GOAL OF THE EXERCISE =
Your response should contain only the lines running from the top of the data below through the line with "Ωστόσο, το σημερινό", both included. Pictures must be omitted.

Collection entries =
⁂

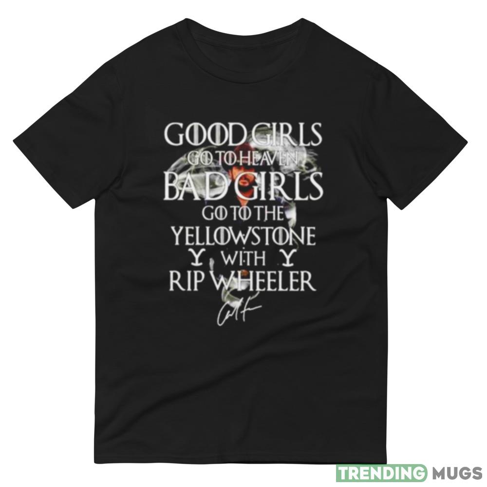 Get ready to turn heads with the Good Girls Go To Heaven Bad Girls Go To The Yellowstone With Rip Wheeler Signature Shirt! This stylish and trendy shirt is perfect for those who want to make a bold statement with their fashion choices. The design features a unique combination of the phrase “Good Girls Go To Heaven” and “Bad Girls Go To The Yellowstone” along with the signature of Rip Wheeler, the popular character from the hit TV show Yellowstone. Made from high-quality materials, this shirt is not only comfortable to wear but also long-lasting. Whether you’re heading out for a casual day with friends or want to add some edge to your outfit, this shirt is the perfect choice for you. So, what are you waiting for? Add the Good Girls Go To Heaven Bad Girls Go To The Yellowstone With Rip Wheeler Signature Shirt to your wardrobe today and let your fashion sense do the talking!
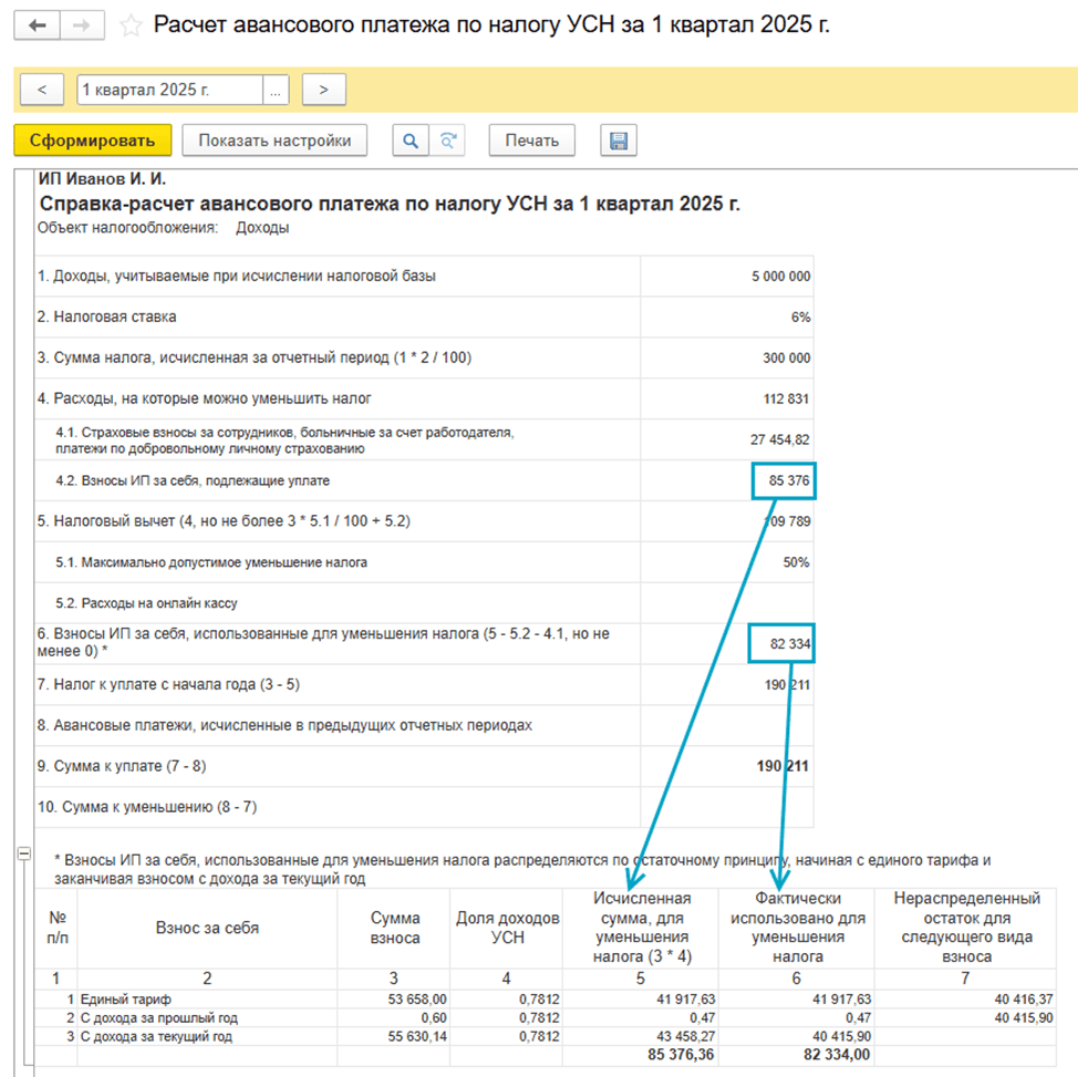 Расшифровка взносов ИП за себя, использованных для уменьшения налога УСН
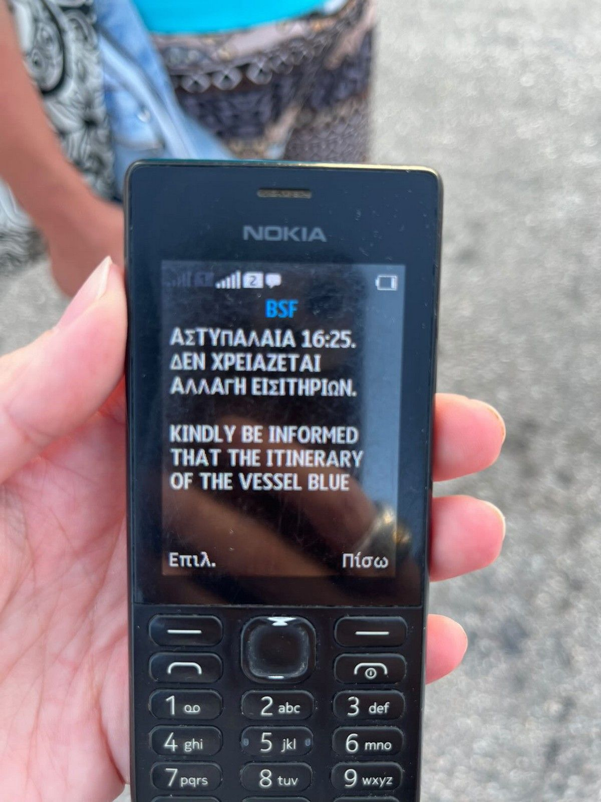 Ωστόσο, το σημερινό δρομολόγιο είχε “κλειδώσει” για τους επιβάτες της σημερινής ημέρας και μόνο λίγοι έλαβαν σχετικό SMS, το οποίο στην πραγματικότητα ήταν ένα παραπληροφορητικό μήνυμα που τους ενημέρωνε ότι δεν χρειάζεται τροποποίηση εισιτηρίων, όπως φαίνεται και στην παρακάτω φωτογραφία που αφορά το ίδιο δρομολόγιο.
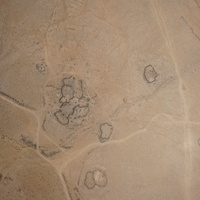 Jordan. Umm al Jimal, aerial view, ancient and modern farm fields and ancient animal corrals in countryside northeast of Umm al Jimal
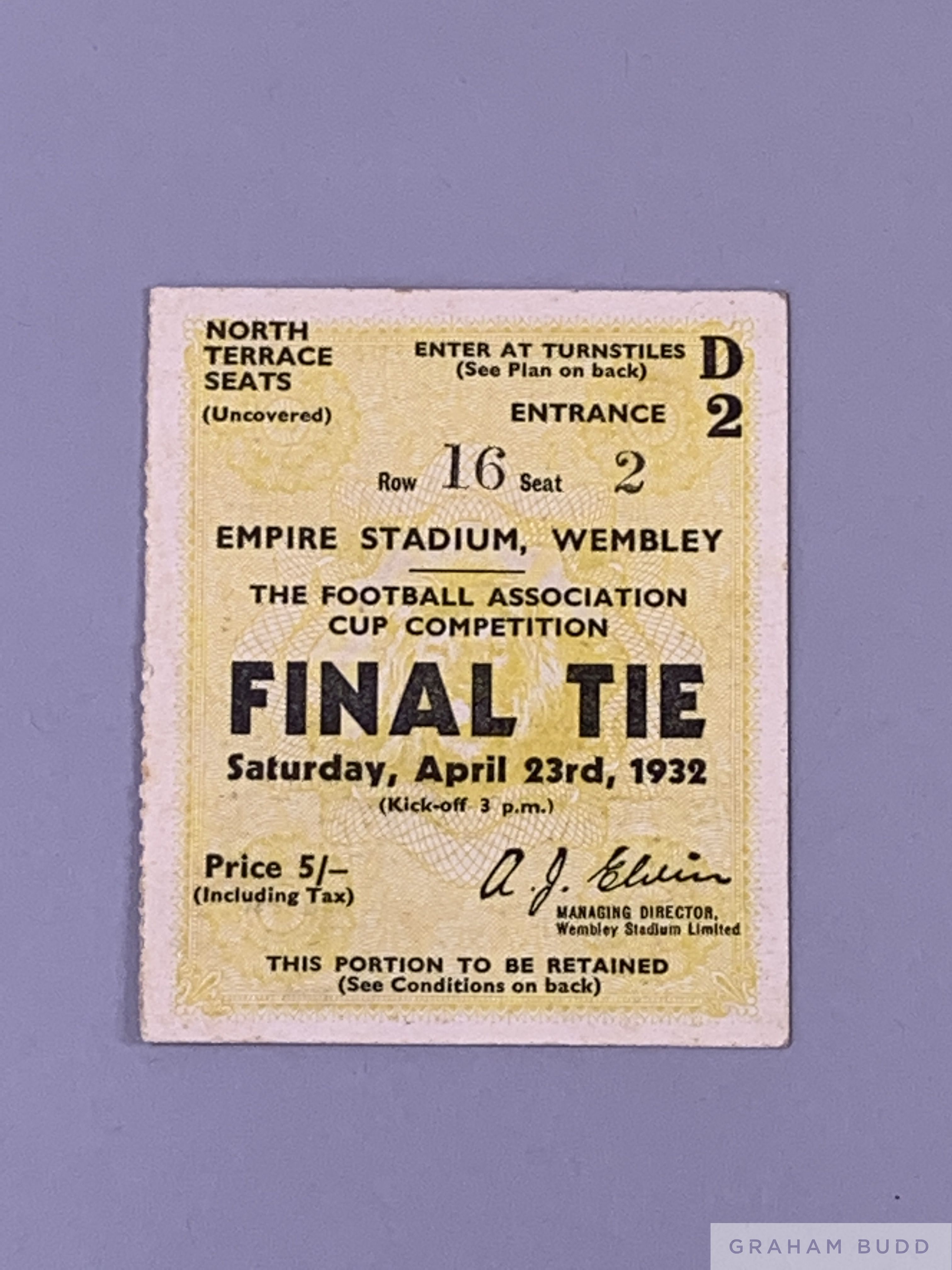 F.A. Cup Final ticket for Arsenal v Newcastle United, 23rd April, 1932 Row 16, Seat 2
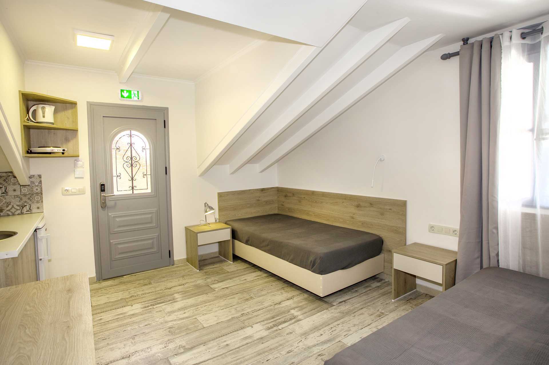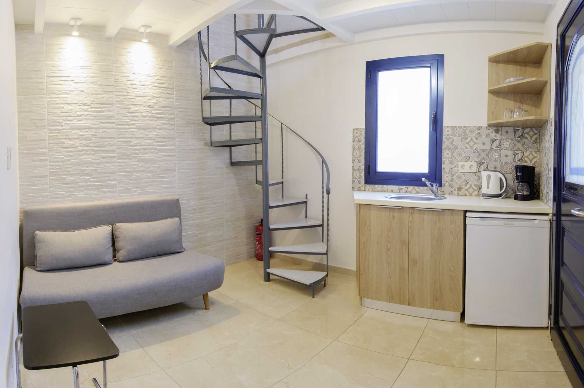 Valoisia kaksikerroksisia yksiöitä, jotka sijaitsevat sivurakennuksen ensimmäisessä kerroksessa. Makuuhuone yläkerrassa, jossa parivuode tai erilliset vuoteet. Portaat ovat kapeat. Alakerrassa keittiö ja kylpyhuone. Jääkaappi, keittolevy, vedenkeitin sekä yksinkertainen keittiövarustelu. Tv kansainvälisillä kanavilla. Maksuton wifi, ilmastointi ja tallelokero. Hiustenkuivain. Suihku ja wc. Maaterassi tai jaettu ulkotila. Siivous 7 krt/viikko.
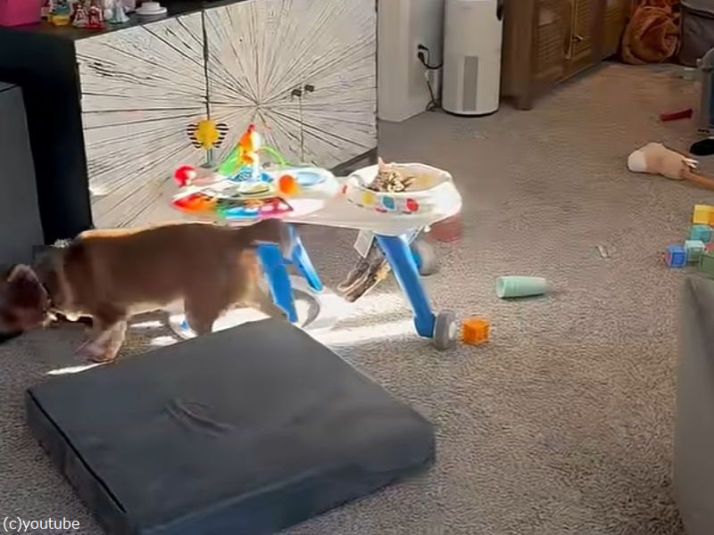 暖かい場所を見つけた猫…たとえ赤ちゃん用のイスでも熟睡する(動画)
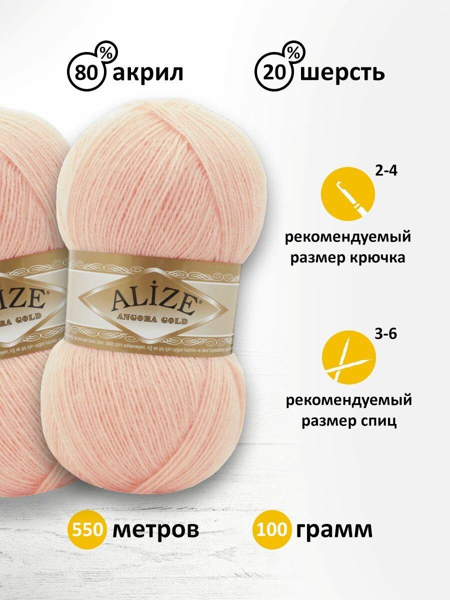 Пряжа Alize Angora Gold пастельно-абрикосовый (840), 80%акрил/20%шерсть, 550м, 100г, 5шт информация:
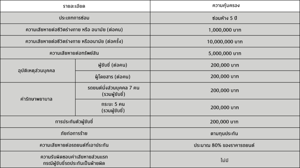 ความคุ้มครองของกรมธรรม์ประกันภัยชั้น 1
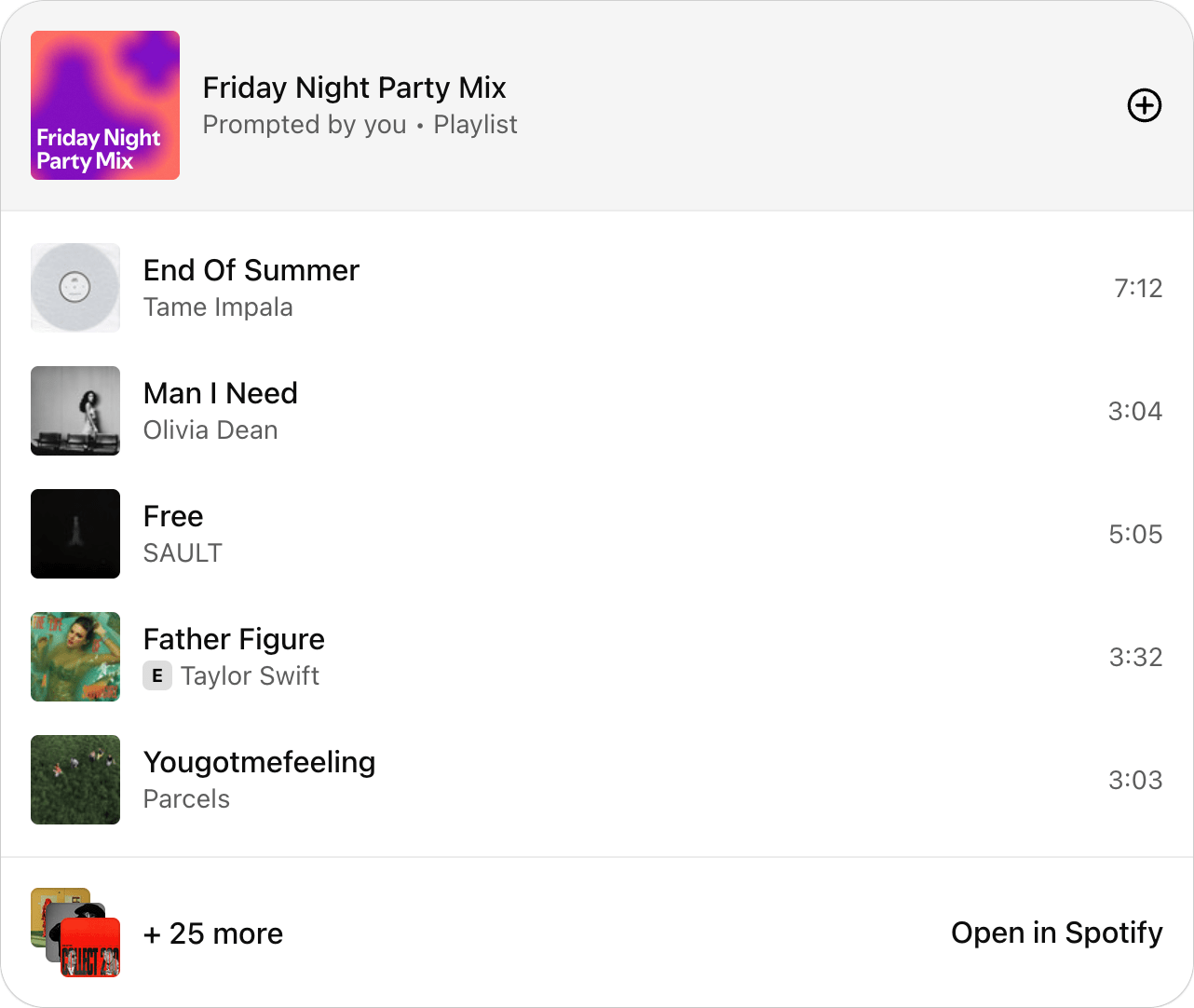ChatGPT creates the playlist privately but doesn’t automatically save it to my library. Without manually saving it via the “+” button or in the Spotify app, I’m not sure where I would find these playlists again.
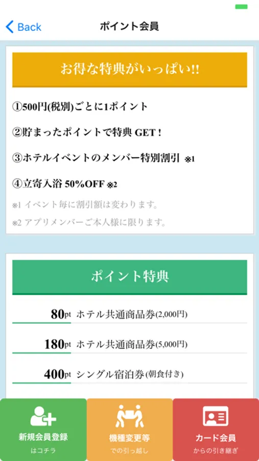 会員機能が新しく追加され、ホテルでQRコードをかざすとポイントが付与されます。
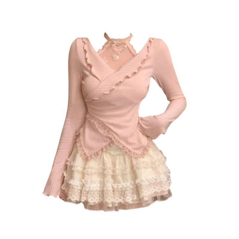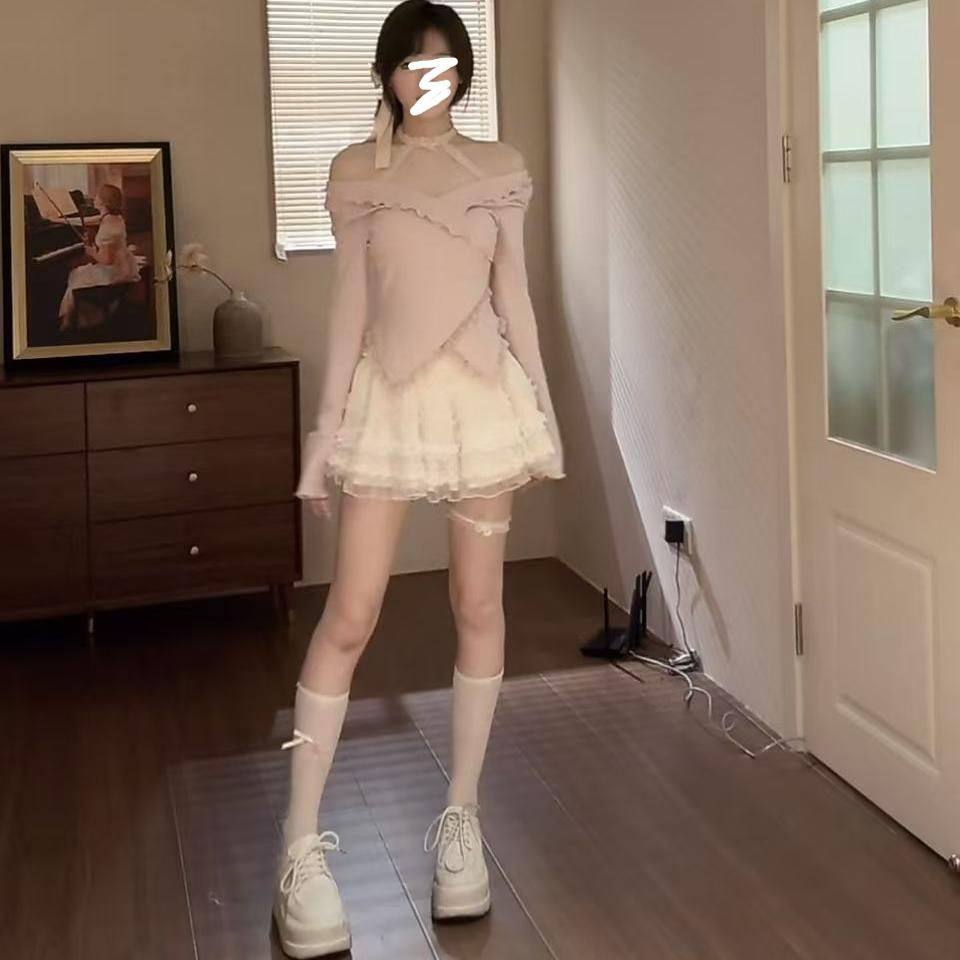 纯欲风甜美木耳边长袖 春秋甜辣风两件套 不规则蕾丝上衣半身裙套装
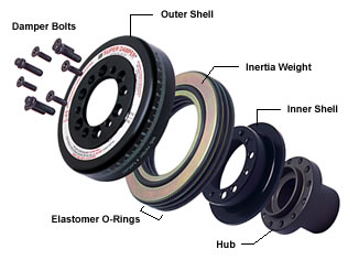 The factory harmonic damper / crankshaft pulley is composed of an inner and outer steel shell bonded with an elastomer bushing. With age, the factory crankshaft pulley can fail. This process is greatly exasperated by high performance applications, including track use. Failed factory crankshaft pulleys may be viewed online, as it is a well known issue.
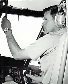 Retired United States Army Lieutenant Colonel Gene Tunney Boyer[2] (July 24, 1929 – August 27, 2016) was the chief pilot of Army One, the helicopter transporting the President of the United States, between 1964 and 1975.[3] Boyer was the pilot during President Richard Nixon's last day in office on August 9, 1974, when Nixon famously delivered the V sign just prior to leaving office. He led the restoration of the VH-3A "Sea King" helicopter, tail number 150617, that served as Army One that day.[3] That helicopter is now on permanent display at the Richard Nixon Presidential Library and Museum.[3] Boyer also served Presidents Johnson and Ford as a White House pilot. Boyer co-wrote his memoirs, Inside the President’s Helicopter: Reflections of a White House Senior Pilot, with Jackie Boor.

⁂

RESPONSE AREA =
 Get ready to turn heads with the Good Girls Go To Heaven Bad Girls Go To The Yellowstone With Rip Wheeler Signature Shirt! This stylish and trendy shirt is perfect for those who want to make a bold statement with their fashion choices. The design features a unique combination of the phrase “Good Girls Go To Heaven” and “Bad Girls Go To The Yellowstone” along with the signature of Rip Wheeler, the popular character from the hit TV show Yellowstone. Made from high-quality materials, this shirt is not only comfortable to wear but also long-lasting. Whether you’re heading out for a casual day with friends or want to add some edge to your outfit, this shirt is the perfect choice for you. So, what are you waiting for? Add the Good Girls Go To Heaven Bad Girls Go To The Yellowstone With Rip Wheeler Signature Shirt to your wardrobe today and let your fashion sense do the talking!
 Расшифровка взносов ИП за себя, использованных для уменьшения налога УСН
 Ωστόσο, το σημερινό δρομολόγιο είχε “κλειδώσει” για τους επιβάτες της σημερινής ημέρας και μόνο λίγοι έλαβαν σχετικό SMS, το οποίο στην πραγματικότητα ήταν ένα παραπληροφορητικό μήνυμα που τους ενημέρωνε ότι δεν χρειάζεται τροποποίηση εισιτηρίων, όπως φαίνεται και στην παρακάτω φωτογραφία που αφορά το ίδιο δρομολόγιο.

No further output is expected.